◆ Task goal
In duplicating the lines below, keep every word unchanged and drop the pictures.

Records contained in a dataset

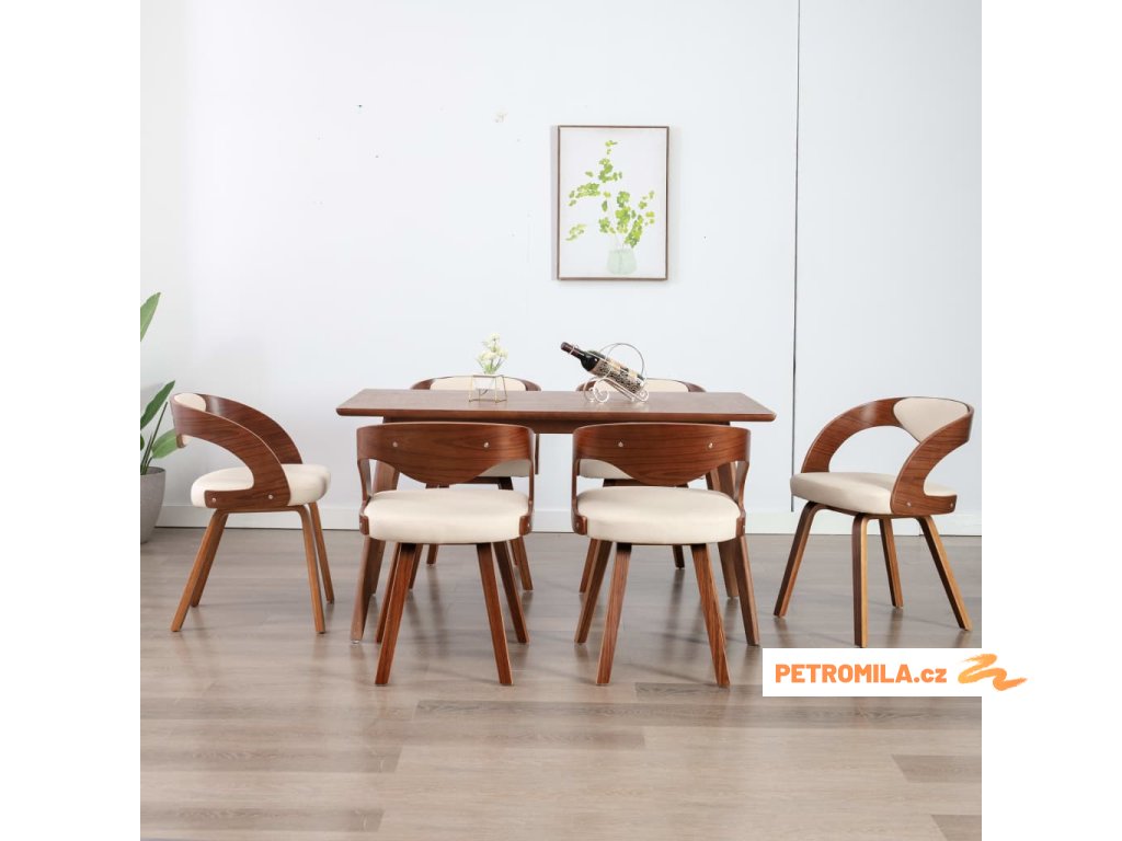 Jídelní židle 6 ks krémové ohýbané dřevo a umělá kůže
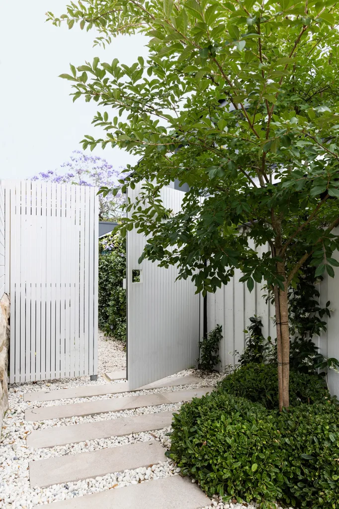 In 2020, the couple called in Luke Baldwin of Formed Gardens to rejuvenate the garden with a plan that would be a breath of fresh air while delivering it into the 21st century. “We wanted a practical, low-maintenance backyard with a pool, outdoor kitchen and entertaining area, plus enough space for the kids to kick a footy or play cricket,” says Bec.
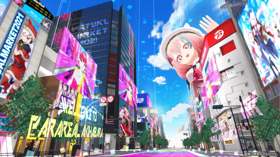 メタバース上にある会場で、アバターなどの3Dアイテムやリアル商品(洋服、PC、飲食物など)を売り買いできる世界最大のVRイベント。
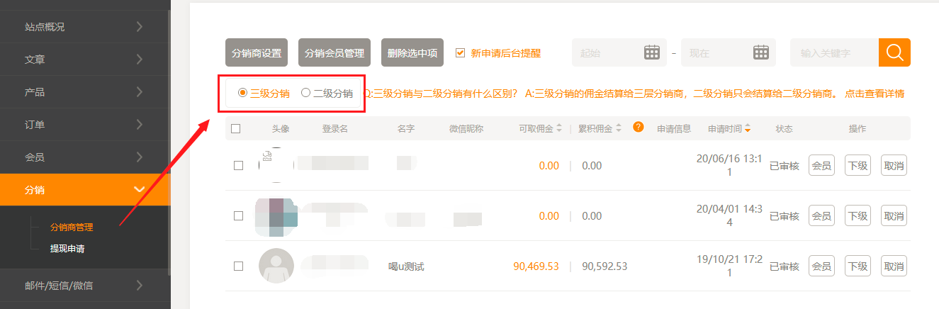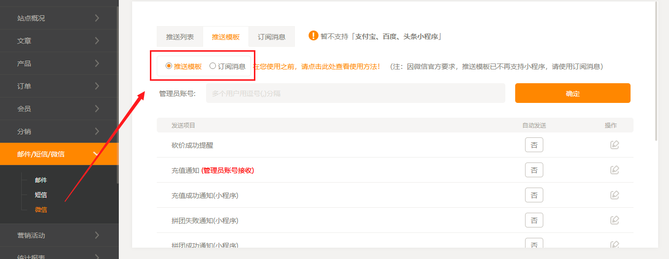 1. 在建站后台,“分销”-“分销商管理”和“邮件/短信/微信”-“微信”页面中,原先的切换开关改为了单选框样式,更一目了然了,如图所示:
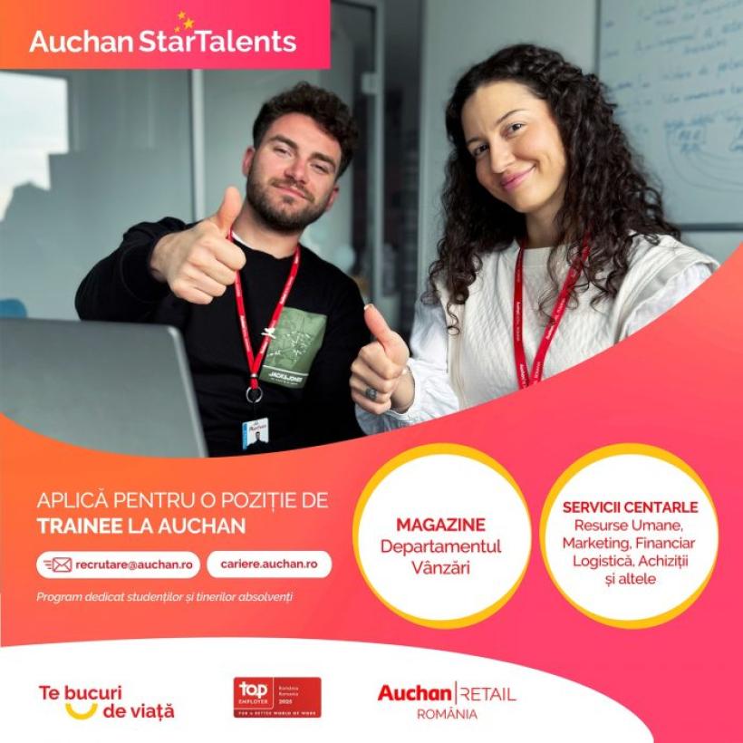 Auchan Retail România lansează o nouă ediție a programului Trainee, un parcurs accelerat de șase luni dedicat tinerilor pasionați, curioși și dornici să-și construiască o carieră în retail. Studenții aflați în ultimul an și masteranzii au ocazia să descopere compania, să înțeleagă principalele departamente și procese organizaționale, să se specializeze într-un anumit domeniu și să se pregătească pentru un rol de începător într-unul dintre departamentele Auchan, precum Marketing, Logistică, IT, Achiziții, Vânzări, HR.
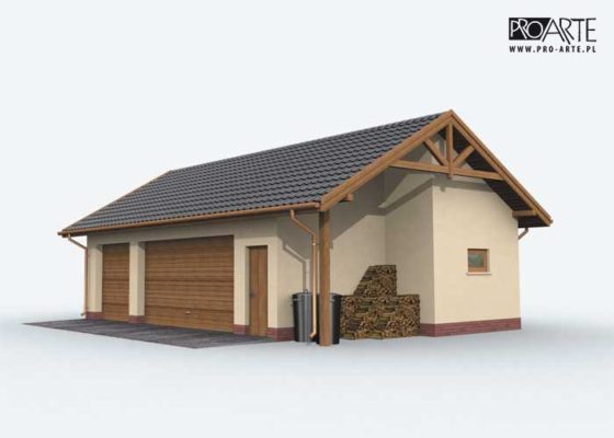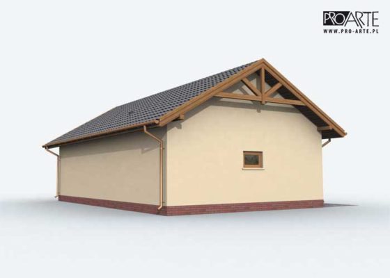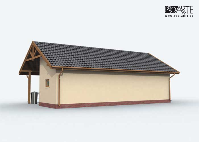 Budynek gospodarczy, wolnostojący. Projekt składa się z części architektonicznej, konstrukcyjnej i wewnętrznej instalacji elektrycznej. W projekcie załączone są podstawowe zestawienie stali, drewna i stolarki okienno-drzwiowej. Do projektu dołączamy bezpłatną zgodę na wprowadzenie zmian, oświadczenie projektantów o wykonaniu projektu zgodnie z obowiązującymi normami i przepisami oraz kserokopie uprawnień projektantów wraz z aktualnym wpisem do izby. W przypadku zamówienia projektu w technologii lekkiej, drewnianej konstrukcji szkieletowej, powierzchnia użytkowa budynku jest o około 7% większa.
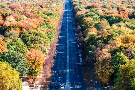 The road leading to Victory Column along autumn trees in Berlin, Germany
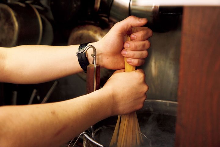 「とにかくする!疲れたら腕を替えて(笑)パスタがゆで上がるまでにしっかりと」
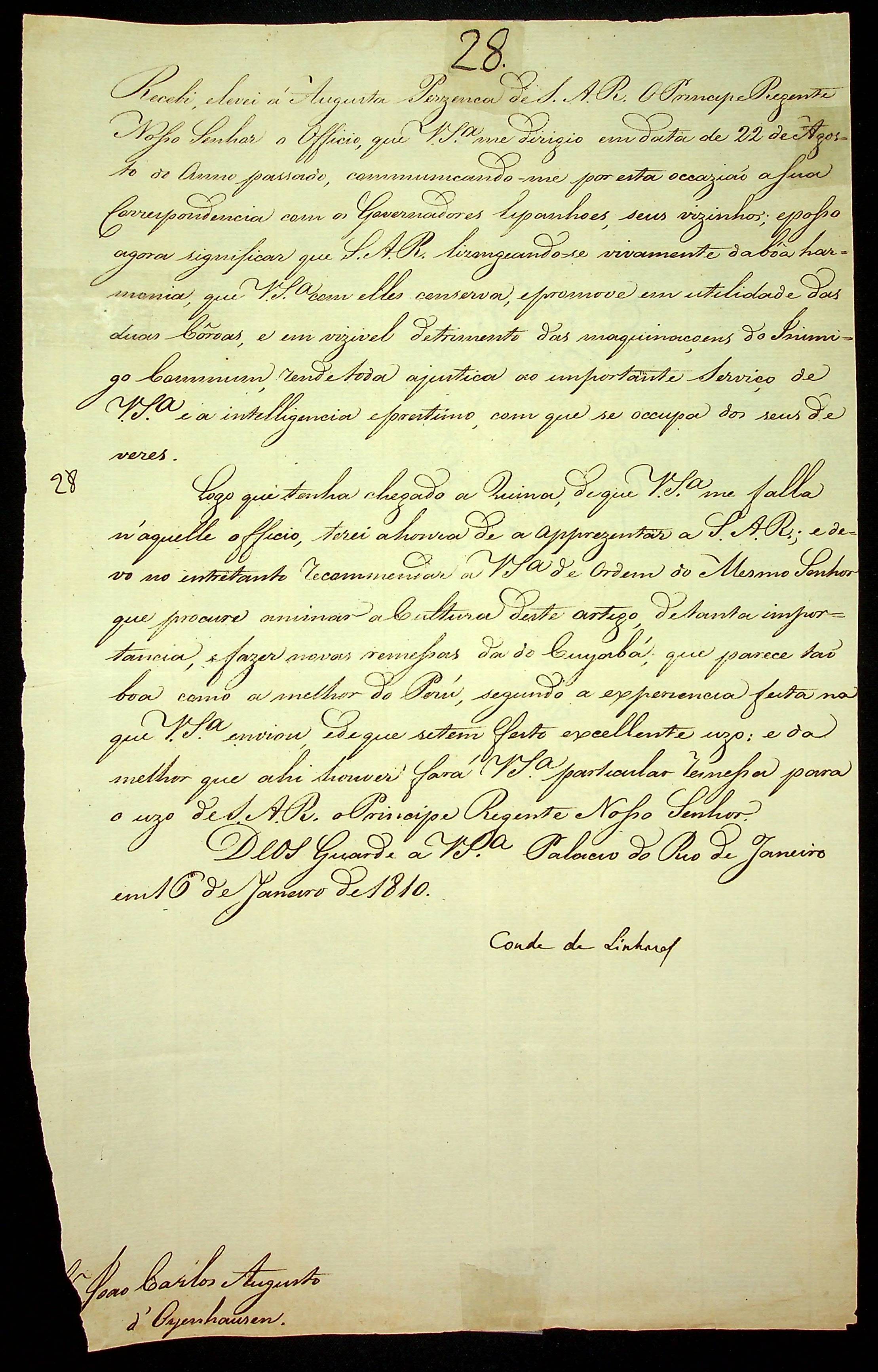 AVISO RÉGIO do Conde de Linhares ao [Governador e Capitão-General da Capitania de Mato Grosso] João Carlos Augusto D’Oeynhausen e Gravemberg.
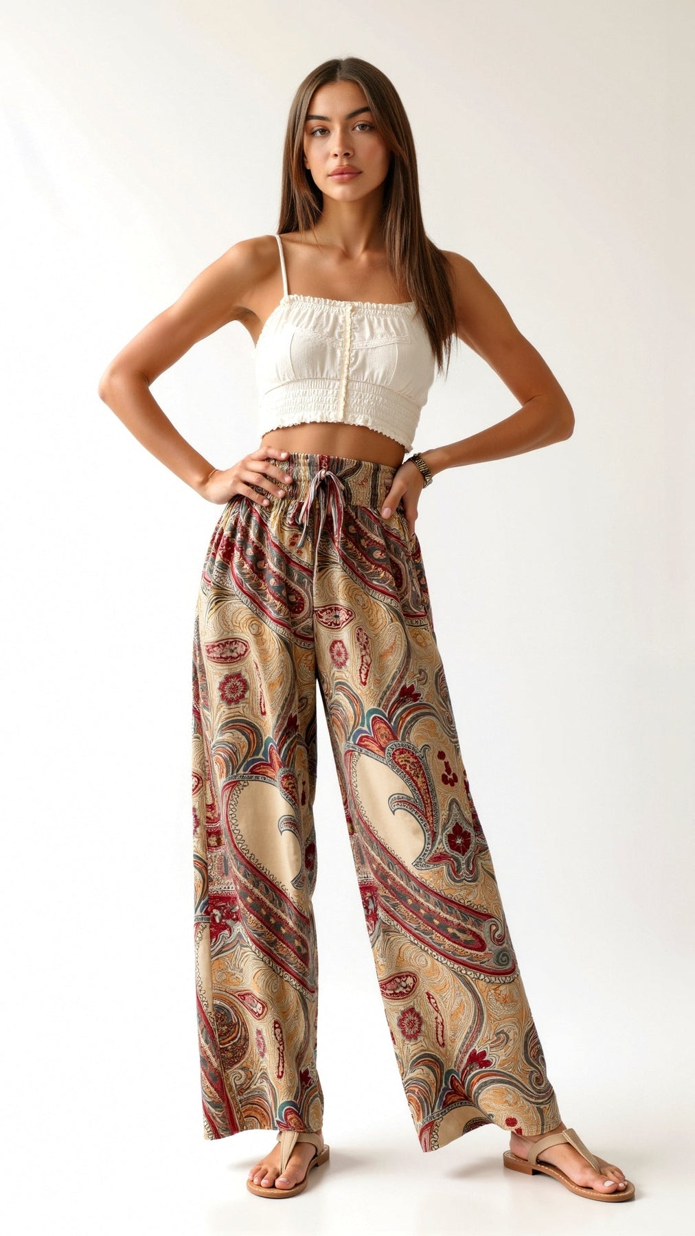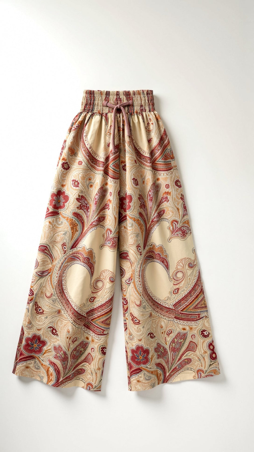 The 'Pam' Pants capture bohemian elegance with carefree versatility in flowing wide-leg trousers featuring signature paisley print in bright hues with ethereal movement.

◆ Problem solution
 Jídelní židle 6 ks krémové ohýbané dřevo a umělá kůže
 In 2020, the couple called in Luke Baldwin of Formed Gardens to rejuvenate the garden with a plan that would be a breath of fresh air while delivering it into the 21st century. “We wanted a practical, low-maintenance backyard with a pool, outdoor kitchen and entertaining area, plus enough space for the kids to kick a footy or play cricket,” says Bec.
 メタバース上にある会場で、アバターなどの3Dアイテムやリアル商品(洋服、PC、飲食物など)を売り買いできる世界最大のVRイベント。
 1. 在建站后台,“分销”-“分销商管理”和“邮件/短信/微信”-“微信”页面中,原先的切换开关改为了单选框样式,更一目了然了,如图所示:
 Auchan Retail România lansează o nouă ediție a programului Trainee, un parcurs accelerat de șase luni dedicat tinerilor pasionați, curioși și dornici să-și construiască o carieră în retail. Studenții aflați în ultimul an și masteranzii au ocazia să descopere compania, să înțeleagă principalele departamente și procese organizaționale, să se specializeze într-un anumit domeniu și să se pregătească pentru un rol de începător într-unul dintre departamentele Auchan, precum Marketing, Logistică, IT, Achiziții, Vânzări, HR.
 Budynek gospodarczy, wolnostojący. Projekt składa się z części architektonicznej, konstrukcyjnej i wewnętrznej instalacji elektrycznej. W projekcie załączone są podstawowe zestawienie stali, drewna i stolarki okienno-drzwiowej. Do projektu dołączamy bezpłatną zgodę na wprowadzenie zmian, oświadczenie projektantów o wykonaniu projektu zgodnie z obowiązującymi normami i przepisami oraz kserokopie uprawnień projektantów wraz z aktualnym wpisem do izby. W przypadku zamówienia projektu w technologii lekkiej, drewnianej konstrukcji szkieletowej, powierzchnia użytkowa budynku jest o około 7% większa.
 The road leading to Victory Column along autumn trees in Berlin, Germany
 「とにかくする!疲れたら腕を替えて(笑)パスタがゆで上がるまでにしっかりと」
 AVISO RÉGIO do Conde de Linhares ao [Governador e Capitão-General da Capitania de Mato Grosso] João Carlos Augusto D’Oeynhausen e Gravemberg.
 The 'Pam' Pants capture bohemian elegance with carefree versatility in flowing wide-leg trousers featuring signature paisley print in bright hues with ethereal movement.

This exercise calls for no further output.